Caffaro was the author of the Annals, a very valuable source of information to reconstruct the Genoese Middle Ages. He enlisted with Guglielmo Embriaco to go to the aid of Goffredo di Buglione and his crusaders.

In the portico, which in medieval times was used as the main entrance to the Palace and which looked out over the Ripa Maris, a plaque in Latin is built into the top of the ogive of the central portal: it describes the foundation of the building. The Italian translation of the text is located to the right of the jamb.

Beneath it, there is a 13th-century lion’s head which, according to tradition, was brought from Constantinople.

Two more plaques recall events related to the history of the palace. The first attests Marco Polo’s presence in Palazzo San Giorgio, where he is said to have dictated The Travels of Marco Polo to Rustichello da Pisa.
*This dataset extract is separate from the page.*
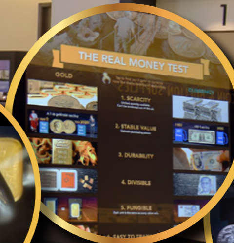
Play our interactive bullion & money game

The second dates from 1632 and states that no minister (or rather, official) was allowed to ask for bonuses beyond the due taxes. In front of the north façade, at a lower level than Piazza Caricamento, there are the ruins of black and white rock columns that were part of the early 16th century extension and a small doorway above which there are faded traces of 15th century frescoes.

Aedicule of Our Lady of the Assumption

At the back of Palazzo di San Giorgio, on the side towards Piazza della Raibetta, there is an aedicule of Our Lady of the Assumption from the 18th century. Two winged angels offer trays full of flowers to the Virgin, whose statue is sheltered in a niche and protected by an iron grill. A shell and two cherubim’s heads stand out under the wavy finial. Two more winged Cherubim’s heads appear above the curl of the profile. Higher up, two flying angels hold the large crown of Our Lady Queen of Genoa. At the top, the monogram of the Virgin sculpted in a floral cup with rays dominates the gilded baldachin decorated with floral friezes. On the cartouche, the inscription: “Viciniae Opifices / Sibi Svisqve“. Alizeri’s description also included another phrase: “Pulchra ut Luna”, which has now disappeared.